One note you really do not need two people to assemble the DP. Simply attach the stantion to the base, lay it down so the back of the base and stantion are facing the floor. About 12" from the top of the stantion put wood blocks to hold the stantion 12" off of the floor. Lift the DP head and insert it on to the stantion and push as far on to the stantion a possible. Tighten the set screw and raise the DP into position. Now unscrew the set screws and make sure the head is all the way down and retighten the set screws.

The laser feature is very simple to adjust, "just read the direction" which are very good.

I will follow up with a further review later as well.


----------



## JimRich (Jun 10, 2011)

Excellent! It turned out great. I need to buy me a floor stander. I have a delta shopmaster... it falls short. :laughing:


----------



## daviddoria (Dec 18, 2007)

*Final table attachment?*

ACP - did you ever implement anything sturdier than toggle bolts to attach the table? I just picked up one of these drill presses and haven't been able to find pictures of anything other than your idea with the toggle bolts. I was thinking of just getting some short 1/4"-20 type bolts with some big washer and putting them in the metal working table t-tracks and then countersinking some nuts in my wood table - is this not a good idea for some reason?

Thanks,

David


----------



## ryan50hrl (Jun 30, 2012)

I really need to build one of these soon...


----------



## RogerC (Oct 15, 2012)

On my DP table, instead of using T-tracks, I simply routed some slots into the table and use standard carriage bolts to hold the fence in place. This is nice because you don't have to worry about chips clogging up the tracks.

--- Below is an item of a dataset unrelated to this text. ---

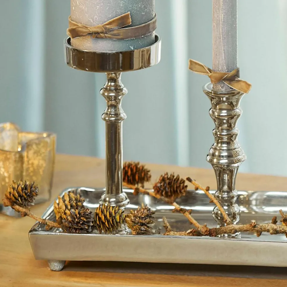 Erleben Sie die perfekte Kombination aus Stil und Funktionalität mit unserem exquisiten Kerzentablett. Die hochglänzend polierte Oberfläche reflektiert das Licht und verleiht jedem Raum einen Hauch von Luxus. Das Tablett ist ideal für Stab- und Stumpenkerzen, die nicht im Lieferumfang enthalten sind, und bietet zusätzlich Platz für saisonale Dekorationen, sodass Sie es individuell gestalten können. Die elegante Form und das raffinierte Design machen dieses Kerzentablett zu einem unverzichtbaren Highlight auf Ihrem Tisch oder Sideboard. Genießen Sie die warme, einladende Atmosphäre, die dieses hochwertige Dekorationsstück in Ihr Zuhause bringt.

The table is made from a salvaged restaurant table top (1 1/4" thick)


----------



## peridigm (Dec 29, 2014)

I'm not completely finished with my table but decided to post anyway. The only thing of value is the t-track. I ended up raising the table from the drill press table using scrap 2x4 instead of cutting out the back right for clearance for the crank. I used screws to hold the hardboard so I didn't have to fuss with glue to replace it when it starts to look like Swiss cheese. Se thumb screws on the bottom make it easily removable.


----------